Once we unpack the mineral beneficiation story in this way, we start to uncover the many systemic realities in our economy that lock us into a semi-colonial status within the world economy. It is these (and other) systemic realities that continue to reproduce crisis levels of unemployment and racial inequality. And it is these systemic realities, therefore, that need transformation, and they go to the heart of the possibility and necessity of a patriotic, multi-class, democratic and, yes cde Malema, even non-racial struggle to transform our country. It is a struggle that, of course, will be driven by the workers and poor, and by the aspirations and capacities of the black majority. In other words, this is the heart of today's national democratic struggle.

An analysis of the systemic realities that are reproducing under-development in our country, must surely lead us to call for greater use of renewable energy sources, for the phasing out of aluminium smelters, and for the re-nationalisation of SASOL. But it is not clear how the extensive nationalisation of the mines would contribute at this point to the transformation of our perverted accumulation path. In fact, if the state actually owned extensive coal mining interests, for instance, we might be tempted to avoid looking at renewable energy sources in the name of keeping some ailing state-owned Coalkom profitable for the share-holder.

Beneficiation or bling?

I suspect that cde Malema and others are missing this bigger systemic picture because when they speak of mineral beneficiation they are thinking of bling...sorry, jewellery. There are, indeed, various initiatives to promote the local jewellery sector and these initiatives should certainly be supported.

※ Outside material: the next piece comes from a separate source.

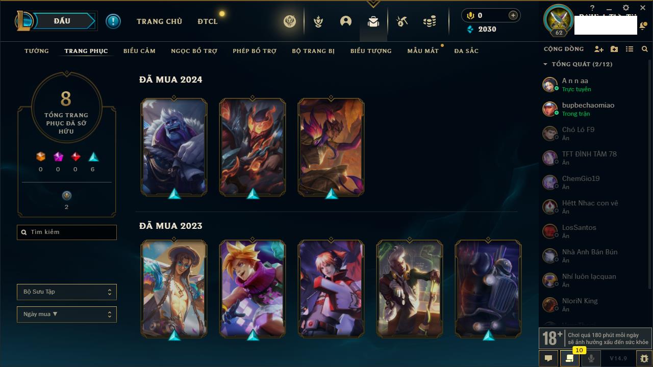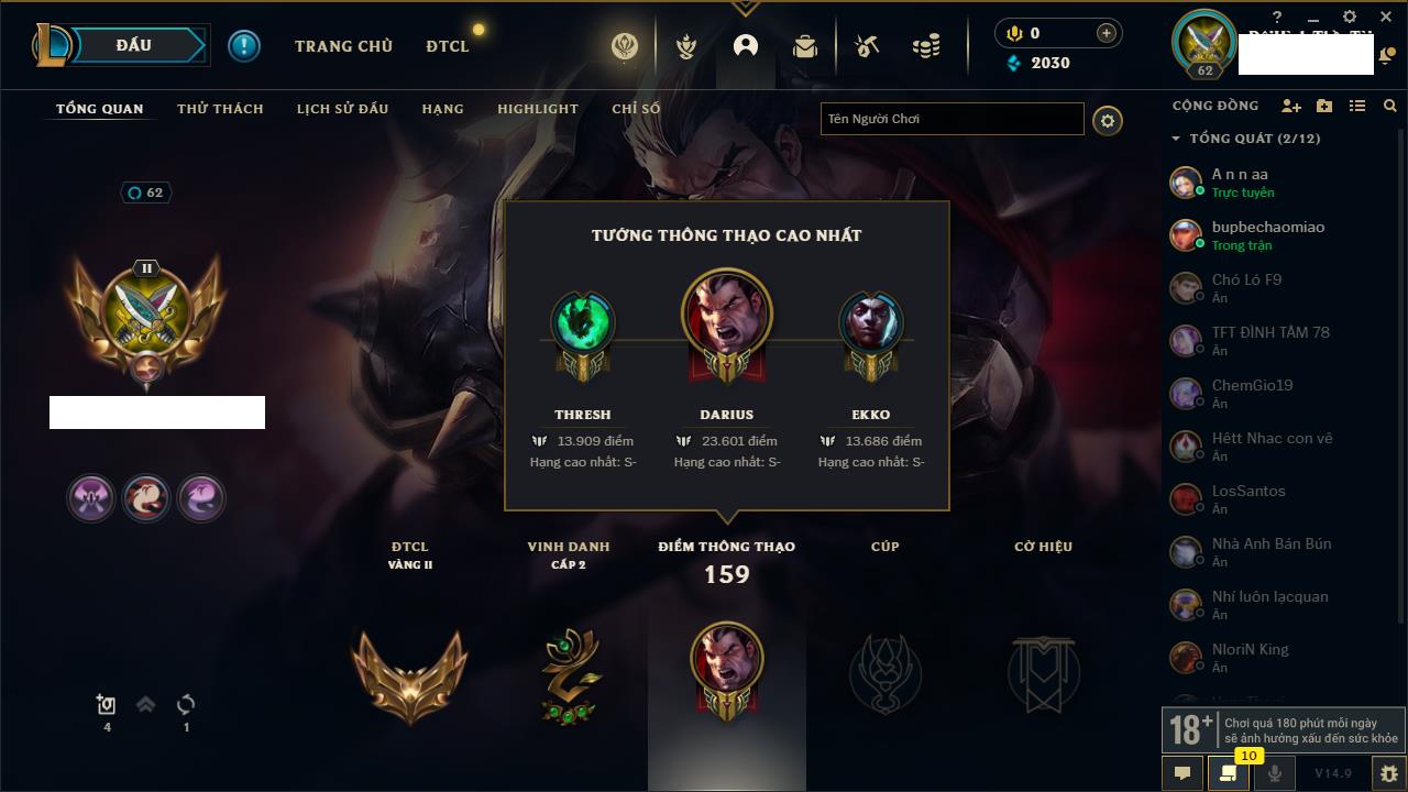 Rank Đơn: Chưa RankKhung: Chưa có khungTướng: 118 - Còn 13712 THXTrang Phục: 117Rank ĐTCL: Chưa RankLinh Thú: 34

But the idea that SA will grow into a major jewellery power-house to rival centuries-old artisanal traditions (and markets) in India or Amsterdam, simply because some of the precious minerals happen to be mined here, is, I am sad to say, a pipe-dream.

Besides, it is not clear why nationalising a diamond mine will, for instance, necessarily give us a better competitive edge in the jewellery market.

Nationalisation or capitalist friendly bale-out?

There are further issues that require closer analysis. Some of us have already cautioned that nationalising mining houses in the current global and national recession might have the unintended consequence of simply baling out indebted private capital, especially BEE mining interests. At the beginning of this year, government estimated that some 80% of BEE deals were "under the water" as a result of the global recession. BEE mining shares were particularly hard hit as a result of the sharp fall in commodity prices on the world market. And while there has been something of a recovery for some commodities, the robustness of the recovery remains very uncertain.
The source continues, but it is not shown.